* **Your task**
Each line of the material must be repeated precisely, with the pictures left out.
====================
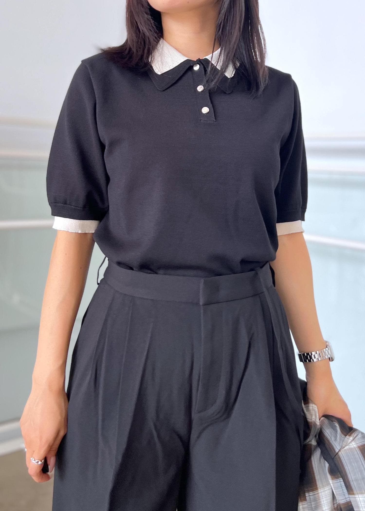襟元、袖口がレイヤーになっており、デザインがあるポロニットです。5分丈で二の腕が隠れて、安心丈です。
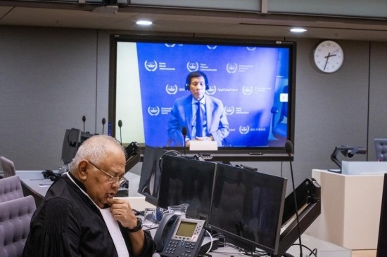 這是3月14日在荷蘭海牙拍攝的國際刑事法院第一預審庭現(xiàn)場,菲律賓前總統(tǒng)杜特爾特以視頻連線方式出席。新華社發(fā)(國際刑事法院供圖)
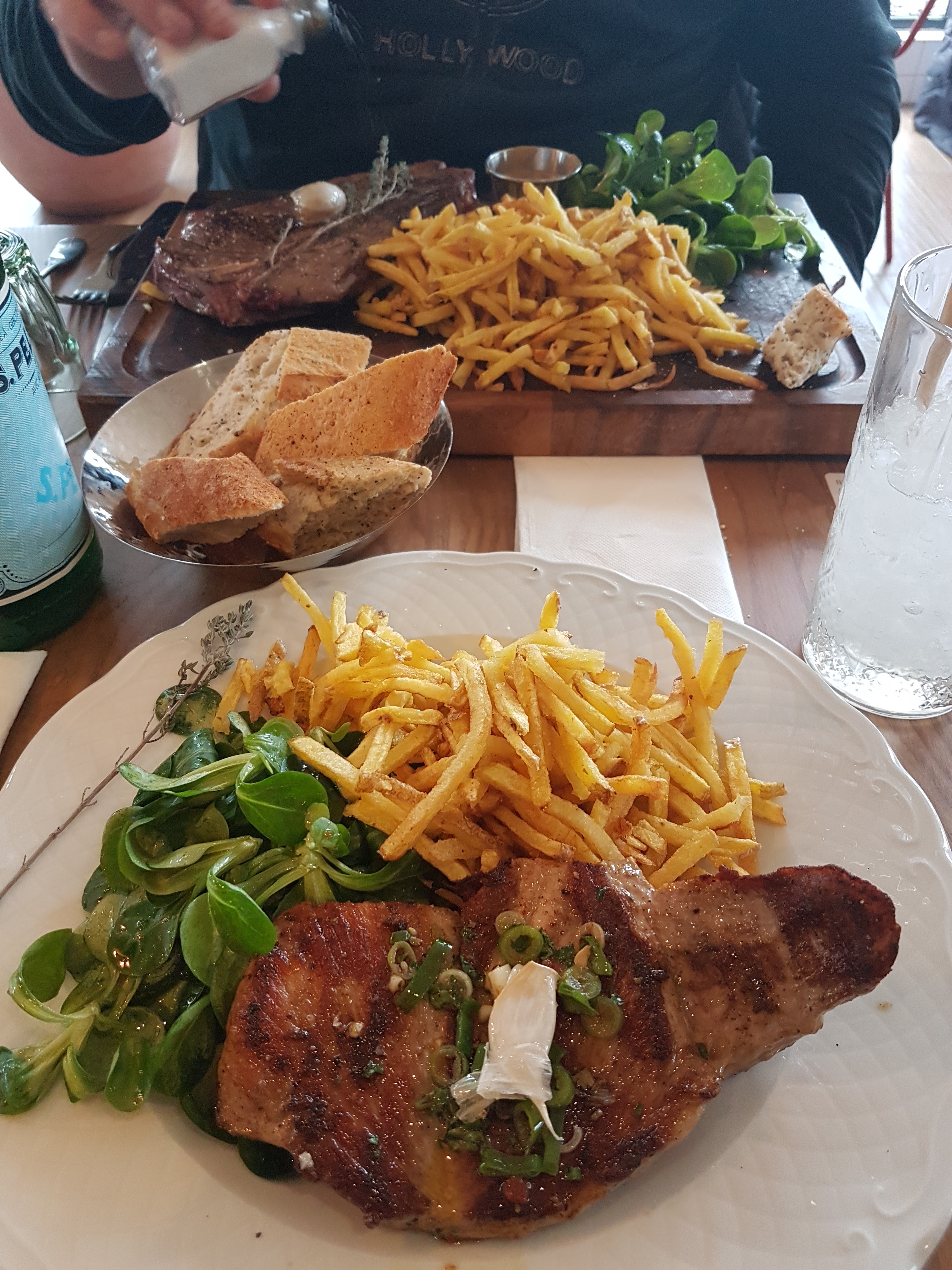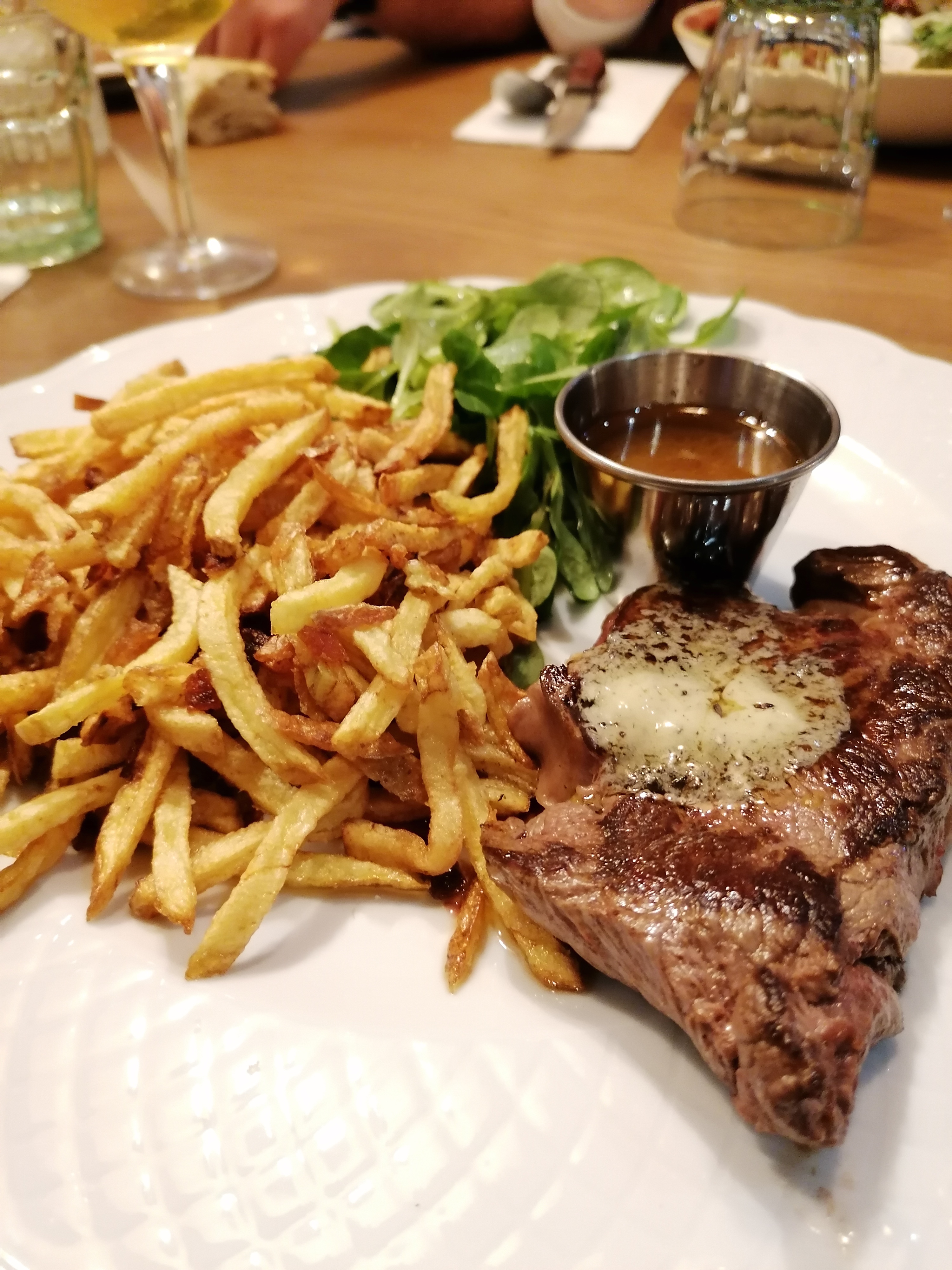 Les magnifiques morceaux de viande maturés donnent le ton dès l'entrée : ici on aime les bonnes choses. Un vrai régal comme chez mémé, d'ailleurs ils lui ont piqué aussi son goût de la décoration. Tout est frais et généreux. Cuisson parfaitement maitrisée. Petit bémol perso sur l'utilisation de l'huile d'olive, dont je ne raffole pas, sur la salade et avait aussi imbibé mes frites. Mais c'est vraiment un détail.
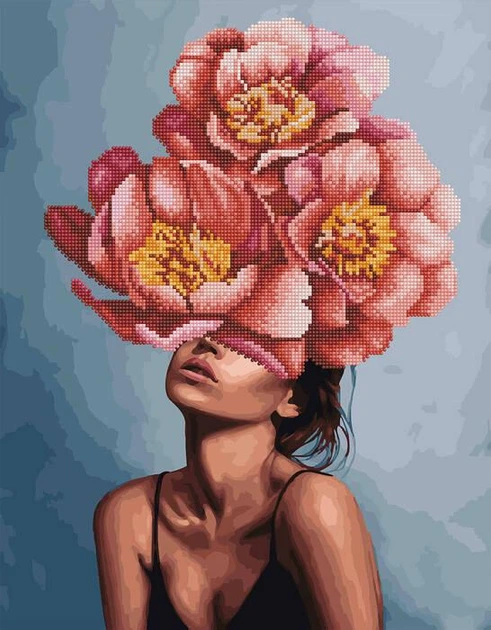 Алмазний живопис та картина за номерами 40х50 Дівчина в квітучій півонії GZS1189
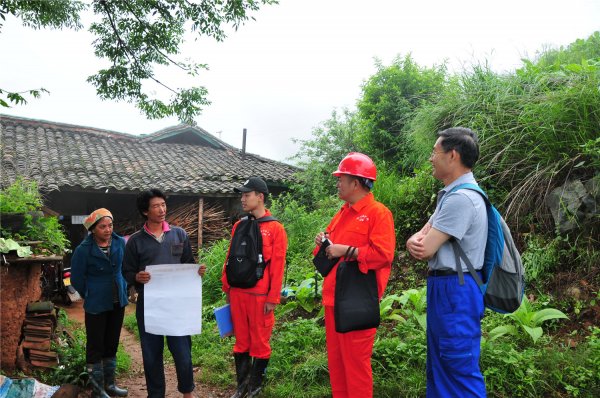 就在郑淞桂和他的组员们被感动的情难自抑之时,李桂福、孔德才所在的另一个排查组却陷入了甜蜜的苦恼中。此次地灾专项排查从省、市、县到乡镇,各级政府高度重视,当地群众期望值极高,他们视106队的地质队员们为亲人,统称他们为“省上的专家”,不管有没有地灾险情,每一户老乡都想拉着他们到自己家里看看,他们认为:只有“省上的专家”确认没问题后,他们才能在下雨天睡上一个安稳觉。当地群众的热情与信任给排查工作造成了极大的困扰,此次排查时间紧任务重,工作的高强度是地质队员们从未经历过的,他们已经没日没夜“连轴转”了十余天了,大量的“假地灾点”却耗费他们大量的宝贵时间。今天他们在盐边县的渔门镇排查,从上午8点到现在,他们分别跑了5个点,其中只有一个是真正的地灾点。下午一点半,匆匆结束简单的午餐,他们在村社干部的陪同下开始紧张的工作。这是一个刚上报的地灾点,一户居民的房屋和地面出现了不同程度的裂缝,房屋主人认为是山体滑坡造成的,强烈要求“省上的专家”进行排查。地质队员们到达现场时,房屋主人不在,大门紧锁。围着房前屋后,排查工作严谨的展开,最后得出结论:裂缝是由建房时屋后边坡挖得过陡,地基填充不实以及房屋年久失修造成的,不在地灾隐患范围之内。下完结论,他们匆匆赶往下一个工作点。还没过两小时,镇政府值班电话打过来了:之前那户户主,认为“省上的专家”没进他的家门就下了排查结论,请求再次排查。李桂福们苦笑,这类情况他们在之前十余天的排查中遇到得太多太多,由于当地老乡地灾防治常识的严重匮乏,导致了这样频繁上报却非地灾隐患的情况时常发生。地质队员们深深的理解老乡们因“6.24”茂县地灾造成的恐惧和心理阴影,他们对非地灾点的当地群众只能做耐心细致的解释工作,普及地灾防治知识的同时,缓解老乡们的紧张情绪,消除他们的恐惧心理。虽然也有被误解的委屈,但他们更习惯带着地质队员的高度责任感去面对老乡们那一双双渴盼、信任的眼睛。所以,当他们步行30公里,结束当天的排查工作后,又专程赶回那户人家,继续着他们的地灾科普……
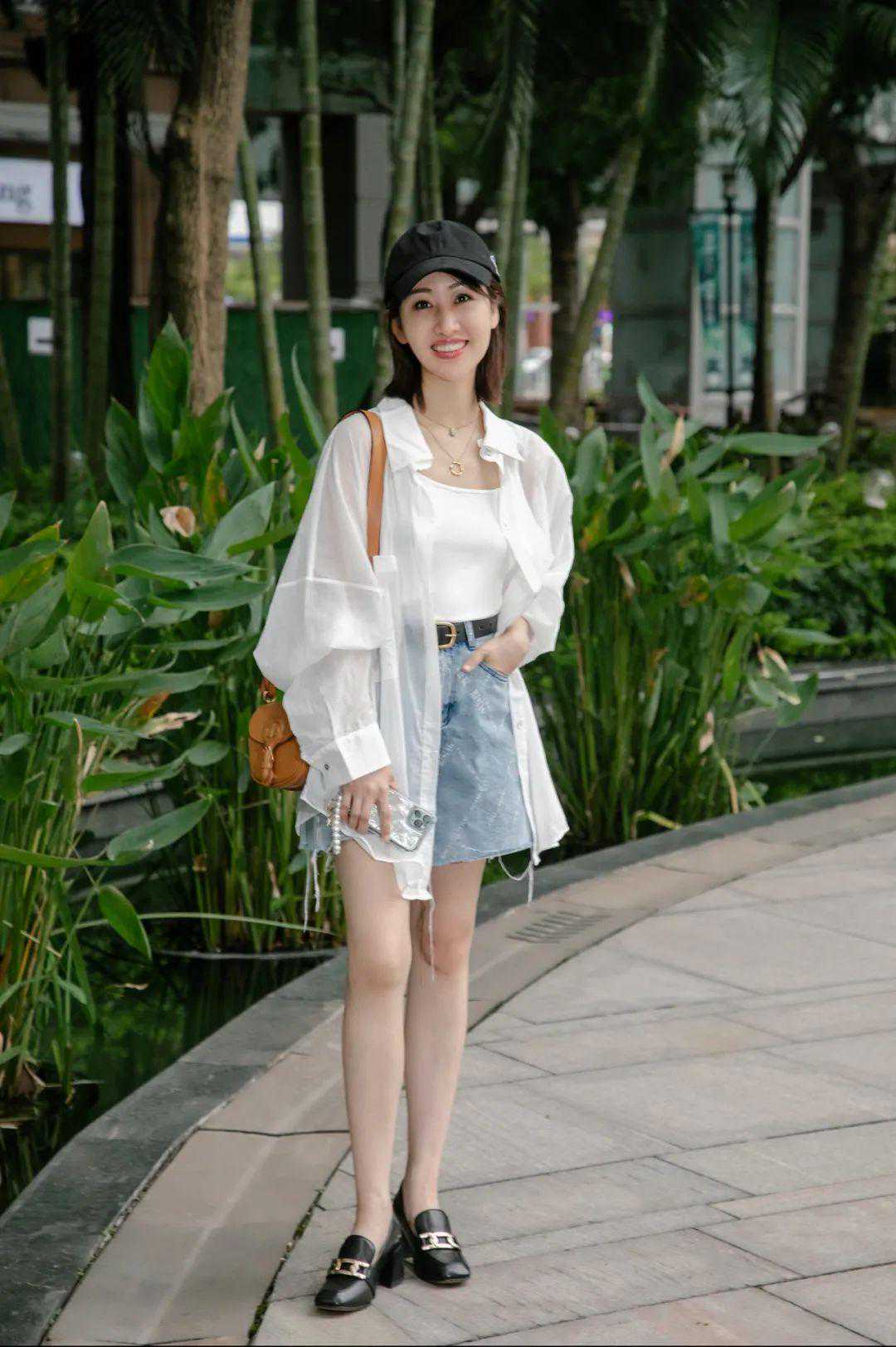 T恤搭半裙不显胖的秘诀就是,下摆打个结~▼
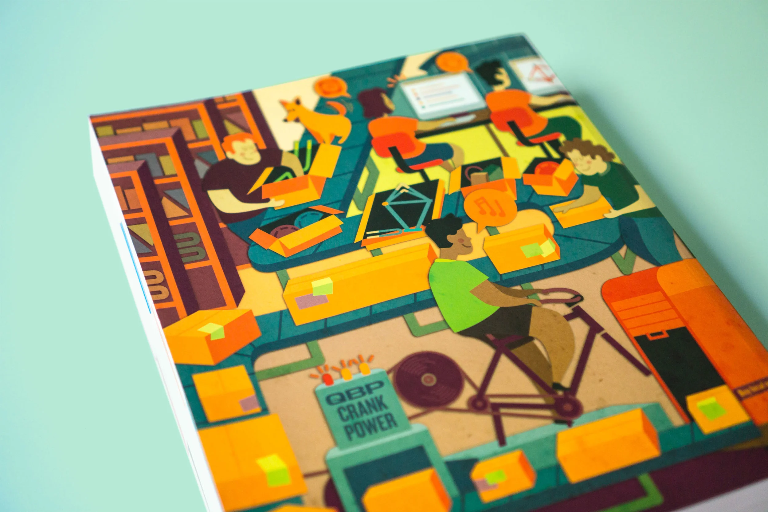 QBP puts out a new catalog each year with their latest stock of frames, parts and accessories that bike shops can order directly from. They commission an artist each year to illustrate and brand the cover. The theme for 2015 was People Powered Business.
====================
* **Result**
襟元、袖口がレイヤーになっており、デザインがあるポロニットです。5分丈で二の腕が隠れて、安心丈です。
 這是3月14日在荷蘭海牙拍攝的國際刑事法院第一預審庭現(xiàn)場,菲律賓前總統(tǒng)杜特爾特以視頻連線方式出席。新華社發(fā)(國際刑事法院供圖)
 Les magnifiques morceaux de viande maturés donnent le ton dès l'entrée : ici on aime les bonnes choses. Un vrai régal comme chez mémé, d'ailleurs ils lui ont piqué aussi son goût de la décoration. Tout est frais et généreux. Cuisson parfaitement maitrisée. Petit bémol perso sur l'utilisation de l'huile d'olive, dont je ne raffole pas, sur la salade et avait aussi imbibé mes frites. Mais c'est vraiment un détail.
 Алмазний живопис та картина за номерами 40х50 Дівчина в квітучій півонії GZS1189
 就在郑淞桂和他的组员们被感动的情难自抑之时,李桂福、孔德才所在的另一个排查组却陷入了甜蜜的苦恼中。此次地灾专项排查从省、市、县到乡镇,各级政府高度重视,当地群众期望值极高,他们视106队的地质队员们为亲人,统称他们为“省上的专家”,不管有没有地灾险情,每一户老乡都想拉着他们到自己家里看看,他们认为:只有“省上的专家”确认没问题后,他们才能在下雨天睡上一个安稳觉。当地群众的热情与信任给排查工作造成了极大的困扰,此次排查时间紧任务重,工作的高强度是地质队员们从未经历过的,他们已经没日没夜“连轴转”了十余天了,大量的“假地灾点”却耗费他们大量的宝贵时间。今天他们在盐边县的渔门镇排查,从上午8点到现在,他们分别跑了5个点,其中只有一个是真正的地灾点。下午一点半,匆匆结束简单的午餐,他们在村社干部的陪同下开始紧张的工作。这是一个刚上报的地灾点,一户居民的房屋和地面出现了不同程度的裂缝,房屋主人认为是山体滑坡造成的,强烈要求“省上的专家”进行排查。地质队员们到达现场时,房屋主人不在,大门紧锁。围着房前屋后,排查工作严谨的展开,最后得出结论:裂缝是由建房时屋后边坡挖得过陡,地基填充不实以及房屋年久失修造成的,不在地灾隐患范围之内。下完结论,他们匆匆赶往下一个工作点。还没过两小时,镇政府值班电话打过来了:之前那户户主,认为“省上的专家”没进他的家门就下了排查结论,请求再次排查。李桂福们苦笑,这类情况他们在之前十余天的排查中遇到得太多太多,由于当地老乡地灾防治常识的严重匮乏,导致了这样频繁上报却非地灾隐患的情况时常发生。地质队员们深深的理解老乡们因“6.24”茂县地灾造成的恐惧和心理阴影,他们对非地灾点的当地群众只能做耐心细致的解释工作,普及地灾防治知识的同时,缓解老乡们的紧张情绪,消除他们的恐惧心理。虽然也有被误解的委屈,但他们更习惯带着地质队员的高度责任感去面对老乡们那一双双渴盼、信任的眼睛。所以,当他们步行30公里,结束当天的排查工作后,又专程赶回那户人家,继续着他们的地灾科普……
 T恤搭半裙不显胖的秘诀就是,下摆打个结~▼
 QBP puts out a new catalog each year with their latest stock of frames, parts and accessories that bike shops can order directly from. They commission an artist each year to illustrate and brand the cover. The theme for 2015 was People Powered Business.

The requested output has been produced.